This is an Multi-Agentic Sprint Assistant that takes a product feature request and autonomously understands it, breaks it into tasks, assigns roles, generates code, writes tests, reviews its own output and evaluates quality. This simulates a real Agile sprint cycle using AI agents.
flowchart TD;
A(["User Input"])
A --> |Feature Request| B["Defining LLM For Generating Text"]
B --> C{"Defining Agents"}
C --> D["Product Manager"]
C --> E["Architect"]
C --> F["Developer"]
C --> G["Tester"]
C --> H["Reviewer"]
D --> |Managed By| I["Langraph Orchestrator"]
E --> |Managed By| I["Langraph Orchestrator"]
F --> |Managed By| I["Langraph Orchestrator"]
G --> |Managed By| I["Langraph Orchestrator"]
H --> |Managed By| I["Langraph Orchestrator"]
I --> J["Agents Evaluation"]
J --> K["Final Sprint Report"]
- Code Complexity: This is cyclomatic code complexity. It measures the quality of code based on the complexity of if-else and loops.

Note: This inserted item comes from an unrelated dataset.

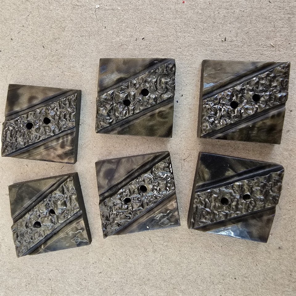 Disse unikke knapper er præget med et fint mønster, der tilføjer en dybde og karakter til ethvert stykke tøj eller håndarbejdsprojekt.

- Test Coverage: This measures how much test cases are generated by the LLM. More the test cases, more the coverage.
- Semantic Similarity to Feature: This measures the similarity of generated code with the feature requested by user using an embedding model.
- LLM Reflection Score: This measures the correctness,maintainability and completeness of the generated code on the scale of 1-10 using the LLM.